II. IMAGE SEGMENTATION AND MASK R-CNN

As brieﬂy stated in the discussion, Mask R-CNN is an image

segmentation algorithm (neural-net) that can perform object

detection as well as instance segmentation, which is to detect

how many of the same objects are present. Applied to our

project, it will be able to create a bounding box around each

yeast cell, and label differently (as different instances) each

pixels of each yeast cell. Instance segmentation is a great asset

for the scope of this laboratory, as it would allow them to track

each cell and analyse them individually.

III. ARCHITECTURE OF THE NEURAL NETWORK

The architecture of Mask R-CNN is an improvement of

its former algorithm named Faster R-CNN. Its structure is

composed of two stages. The former stage, which is highly

similar to Faster R-CNN, is responsible to generate areas in

the image that are prone to contain an object. The latter stage

is responsible for the classiﬁcation of objects. Mask R-CNN

principally adds instance segmentation as well as masks in the

second step.

FIG. 1: General framework of Mask R-CNN algorithm. Adapted from

[1]

A. First stage: Generation of region of interest

As stated above, the ﬁrst stage is designed to propose

regions of interests (RoI). For that, its structure is composed

of two main elements: the backbone and the region proposal

network (RPN).
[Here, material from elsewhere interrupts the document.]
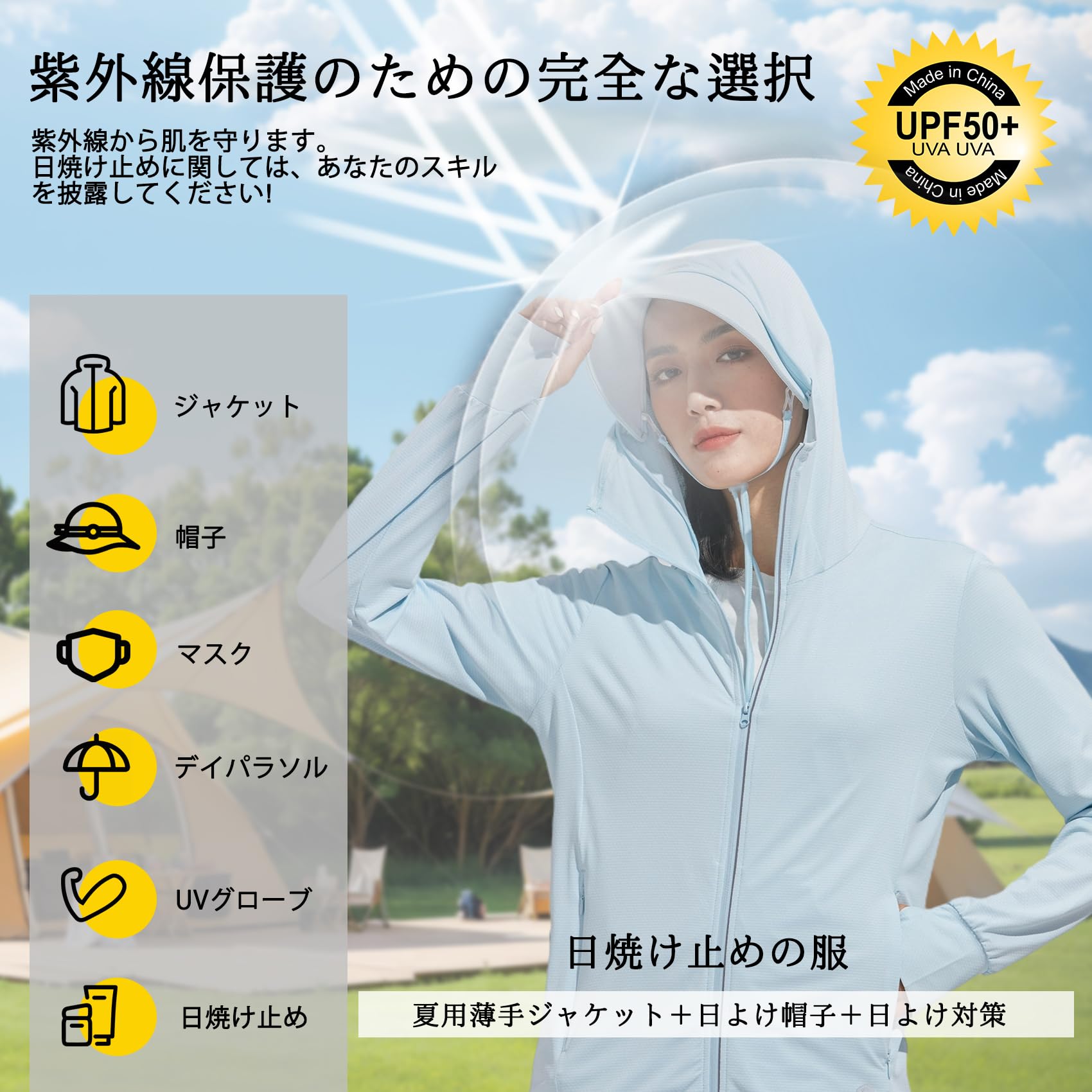 【UVカット日焼け防止対策】UVカット高性能UPF50+が紫外線から肌を守る。このラッシュガード紫外線しっかりカットして、暑い真夏の日差しの下でも涼しく快適に過ご!夏の強い日差しや紫外線から肌を守る、色素沈着やシワなどの老化を防ぎます。
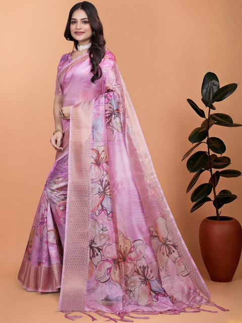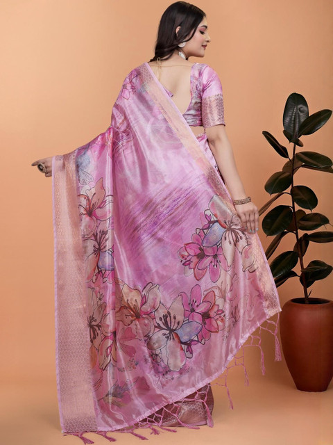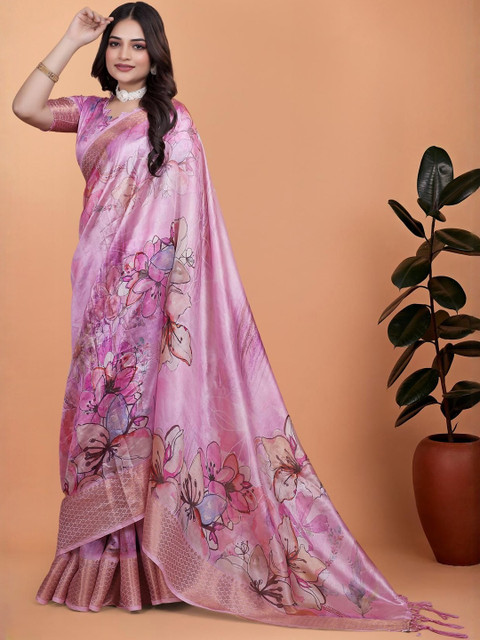Mameraa Floral Printed Saree With Blouse Piece

At ﬁrst, the image is processed by a con-

volutional network that will extract a feature map, using a

combination of ResNet-101 and Feature Pyramid Network.

The early layers will detect simple features such as straight

lines or corners, whereas the latter layers will detect more

advanced features such as whole objects. The output is then

fed into the RPN, which scans the feature map over around

200’000 regions (i.e. portions of varying size of the map). For

each region, the RPN predicts in a binary fashion whether it

contains an object (foreground) or nothing (background) and

adds a conﬁdence value. It also computes where in this region

the object would be located. The highest rated regions are

then selected and the bounding box is reshaped to the correct

size using the different regions that overlapped with the same

object. At the end of this ﬁrst stage, we have RoI that are

expected to contain an object and those will be analyzed by

the second stage.

B. Second stage: Classiﬁcation and Masking

The second stage only takes as inputs the RoI and resize

them all to the same shape. The RoI classiﬁer predicts the

class of the object, which in our case is either yeast cell or

background, and reﬁnes again the dimension of the bounding

box. Each RoI are also fed in parallel to the mask branch,

where each instance of object gets a 28x28 pixel mask. The

mask are ﬁnally reshaped in size to match with the original

image size. A representation of the architecture can be seen

in Figure 1.

IV. METHOD

A. Adaptation of the code and early testing

As mentioned in the introduction, we selected Mask R-CNN

based on its results in image segmentation competitions. The

original paper [1] described the architecture and demonstrated

its performance. Upon research, we found a GitHub repository

where a replication of the paper was provided with some

minor changes [2]. The model was well documented, and

already trained for different examples such as the COCO

dataset. The COCO dataset is a publicly available set that was

used in image segmentation competitions. It contains labeled

data containing up to 91 different objects. The repository also

provided some functions to visualize the dataset as well as the

predictions.

After analyzing how the code was constructed, we were

able to use the algorithm with provided weights for the COCO

dataset. Upon testing on different images, we could assess that

the image segmentation worked perfectly ﬁne, it was able to

detect different objects, such as cars, different animals or some

type of food. An example is shown below in Figure 2.

FIG. 2: Example of image segmentation using the provided COCO

weights. Each animal is correctly labelled

At this point, we decided to keep this algorithm and adapt

it to our needs.

Our ﬁrst task was to modify the code and allow it to detect

yeast. In the GitHub repository, some different classes of

objects were provided as examples of use. One class, named

‘nucleus’, was coded in a way that it was able to decipher

between two classes, i.e. nucleus or background. This class

was of great use for us as our adaptation of the code should

also differentiate between two objects, yeasts or background.

After having studied how every ﬁle played a role in the

execution of the algorithm, we created the yeast Final.py ﬁle,

overwriting some functions of the model and adding new ones.

B. Dataset

The data that we gave the program to train on came directly

from the LPBS laboratory. The pictures were given as com-

pressed ‘.tif’ ﬁles, composed of pictures of size 2044x2048.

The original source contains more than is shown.